Runs 'mr_cML_O' and supplements the result with data-perturbation (DP) standard errors and p-values that account for selection of the invalid-IV set.
mr_cML_DP_O( b_exp, b_out, se_exp, se_out, K_vec = 0:(length(b_exp) - 2), random_start = 0, random_start_pert = 0, maxit = 100, num_pert = 100, random_seed = 0, n, rho = 0, c1 = 1, c2 = 1, t = 0 )mr_cML_DP_O( b_exp, b_out, se_exp, se_out, K_vec = 0:(length(b_exp) - 2), random_start = 0, random_start_pert = 0, maxit = 100, num_pert = 100, random_seed = 0, n, rho = 0, c1 = 1, c2 = 1, t = 0 )
b_exp |
Numeric vector of SNP-exposure effect estimates. |
b_out |
Numeric vector of SNP-outcome effect estimates. |
se_exp |
Numeric vector of standard errors for 'b_exp'. |
se_out |
Numeric vector of standard errors for 'b_out'. |
K_vec |
Integer vector; candidate numbers of invalid IVs. |
random_start |
Integer; number of random starts on the original data. |
random_start_pert |
Integer; number of random starts per perturbed dataset. |
maxit |
Integer; maximum coordinate-descent iterations. |
num_pert |
Integer; number of data-perturbation replicates. |
random_seed |
Integer; if non-zero, used to seed the RNG. |
n |
Integer; GWAS sample size used in the BIC penalty. |
rho |
Correlation between 'b_exp' and 'b_out' due to sample overlap. |
c1, c2
|
Numeric inflation factors (>= 1) applied to 'se_exp' and 'se_out' respectively. |
t |
Instrument-selection threshold on the z-scale. |
A list combining the original 'mr_cML_O' output with the DP point estimates, standard errors and p-values for both cML-BIC and cML-MA-BIC.
Runs the cML estimator across a grid of candidate values for the number of invalid IVs and combines the results with BIC and BIC model averaging (cML-BIC and cML-MA-BIC).

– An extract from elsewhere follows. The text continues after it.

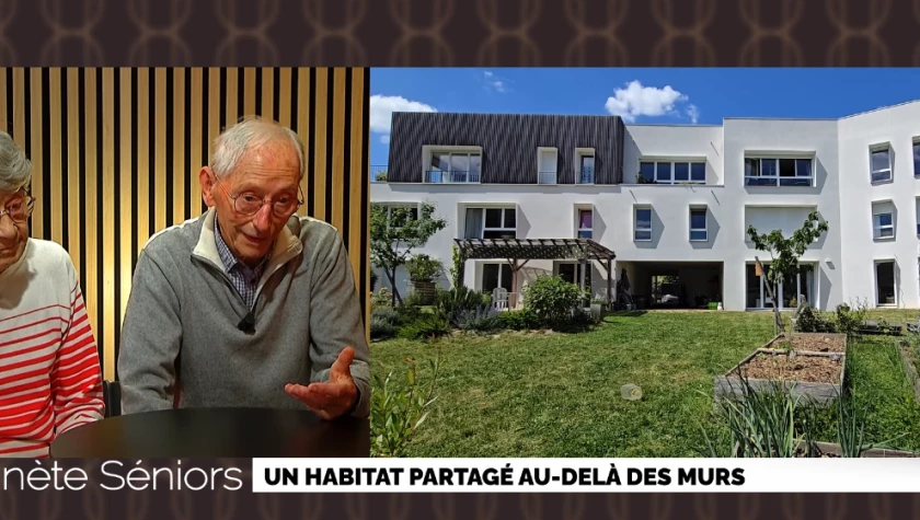 Un habitat partagé au-delà des murs - Il y a 10 ans, Louis et Michèle Veillard décident de vivre en habitat participatif intergénérationnel. A 81 et 75 ans, alors qu'ils vivent en maison individuelle, ils prennent conscience qu'afin de pouvoir rester en autonomie chez eux, il va falloir trouver un autre mode d'habitat. 7 ans plus tard, ils intègrent un logement partagé avec 14 autres foyers de tout profil. Ils nous expliquent pourquoi ce choix, leur vie au quotidien et comment ils ont même décidé de partager une chambre avec leur voisin.

mr_cML_O( b_exp, b_out, se_exp, se_out, K_vec = 0:(length(b_exp) - 2), random_start = 0, maxit = 100, random_seed = 0, n, rho = 0, t = 0, var_est = 1 )mr_cML_O( b_exp, b_out, se_exp, se_out, K_vec = 0:(length(b_exp) - 2), random_start = 0, maxit = 100, random_seed = 0, n, rho = 0, t = 0, var_est = 1 )
b_exp |
Numeric vector of SNP-exposure effect estimates. |
b_out |
Numeric vector of SNP-outcome effect estimates. |
se_exp |
Numeric vector of standard errors for 'b_exp'. |
se_out |
Numeric vector of standard errors for 'b_out'. |
K_vec |
Integer vector; candidate numbers of invalid IVs. |
random_start |
Integer; number of random starts per 'K'. |
maxit |
Integer; maximum coordinate-descent iterations. |
random_seed |
Integer; if non-zero, used to seed the RNG. |
n |
Integer; GWAS sample size used in the BIC penalty. |
rho |
Correlation between 'b_exp' and 'b_out' due to sample overlap. |
t |
Instrument-selection threshold on the z-scale. |
var_est |
Integer in '1:4' selecting the variance estimator (see 'cML_estimate_random_O'). |
A list with cML-MA-BIC and cML-BIC point estimates, standard errors and p-values, the indices of the selected invalid IVs, and the negative log-likelihood and BIC sequences over 'K_vec'.
Turns a GraphMRcML mean-effect matrix and matching p-value matrix into a directed 'igraph' graph, colouring edges by sign and significance and suggesting per-edge widths. By default, edges with p-value below '0.05 / Me' are drawn in solid colour; edges with p-value below 'thres1' are drawn in a lighter shade.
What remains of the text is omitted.